BILL COSBY TRIAL BEGINS
June 9, 2017
This week the long awaited trial against Bill Cosby began in Pennsylvania where he is accused of drugging and sexually assaulting a woman some years ago.
Jury selection was a lengthy process and many questioned whether Cosby could receive a fair trial due to his high profile and the visibility of this case. However, the members of the jury were selected from another county, about 300 miles away; they will be sequestered; and they include 7 men, 5 women, and two African-American members. The trial is taking place in Norristown, a suburb of Philadelphia.
Mr. Cosby is charged with three counts of second-degree felony indecent assault. These stem from a 2004 allegation of molestation from a former Temple University Basketball Manager named Andrea Constand. Constand claims that Cosby gave her pills and then took advantage of her in his home. In 2005, Constand reported the incident to the police, who at that time declined to press criminal charges. However, Constand brought a civil suit against Cosby, which he settled in 2006, and much of the information used in the current trial comes from the depositions that occurred for that civil case.
The settled civil suit was sealed and parties to the case were bound by confidentiality. But after other allegations against Cosby surfaced, Constand and her attorney sought to unseal the deposition and remove the confidentiality agreement she was bound by, arguing that Cosby was not upholding his part to not to discuss the case. Because Cosby had been discussing and denying the accusations publicly, the court had determined he broke confidentiality and the depositions from the civil case could be unsealed.
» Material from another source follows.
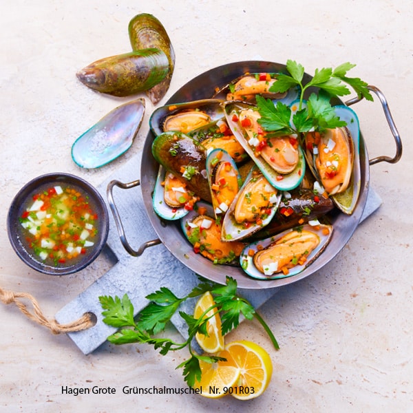 Grünschalen-Miesmuscheln, auch Grünschalmuschel genannt, sind eine neuseeländische Delikatesse. Sie werden nachhaltig in Aquakulturen gezüchtet, um die begrenzten, wild vorkommenden Bestände zu schonen. Sie sind größer und fleischiger als unsere europäischen Exemplare. Optisch unterscheiden sie sich durch einen leuchtend smaragdgrünen Streifen am äußeren Schalenrand. Angeboten wird sie ab einer Größe von 10 cm, ausgewachsen erreichen sie auch Größen von 15 oder sogar 20 cm. Ihr zartes, lachsfarbenes Fleisch ist von angenehm fester Konsistenz. Geschmacklich sind sie unter allen Miesmuscheln eine besondere Delikatesse mit einem intensiven, angenehm würzigen Muschelgeschmack. Sie sind für Neuseeland der zweitwichtigste Seafood-Exportartikel. Wegen des langen Transportweges bietet wir unsere Hagen Grote Grünschalen Miesmuscheln tiefgefroren an.

The depositions revealed that Cosby had a history of casual liaisons with women that often included Quaaludes. However, he insists these encounters were consensual. The deposition further showed that Cosby does not deny that he gave Ms. Constand pills, which he says were Benadryl, but again insists she consented and was awake during their encounter.His defense team also argues that there were several inconsistent versions of Constand’s accusation, which is also why the original DA said he declined to pursue charges.
On the other hand, Constand states she was physically compromised and could not resist, saying the pills made her dizzy and nauseous as well as making her legs feel “like jelly”. Furthermore, the prosecution points out that she is gay and was in a relationship at the time and thus would not have consented to such an encounter.
What about the Other Accusations?
Over the last few years approximately 60 women have come forward with similar stories concerning Bill Cosby. However, in the majority of situations there has not been enough evidence to press charges or the statute of limitations for sexual assault has expired. When Constand brought the 2005 civil suit she named 13 other women as witnesses who could attest to Cosby’s behavior. One of those 13 accusers, Kelly Johnson, a former assistant to his agency, will be allowed to testify in the current case in an attempt to show a pattern of behavior, but the judge did not want all the original accusers to testify for fear of biasing the jury. Several of the women who claim they were assaulted have begun to work together to actively extend the statute of limitations for sexual assault. In 2016, Colorado and Nevada extended it from 10 to 20 years and California abolished it altogether. The statute of limitations in Pennsylvania is 12 years.
In addition to his compromised legacy, Cosby, 79, who is now completely blind, faces up to 10 years in prison if he loses this case. He does not plan to testify in the trial, so the outcome will depend on the credibility of Constand and the other accuser. The judge has stated that he wants this to be quick, but the trial is expected to last two weeks or longer.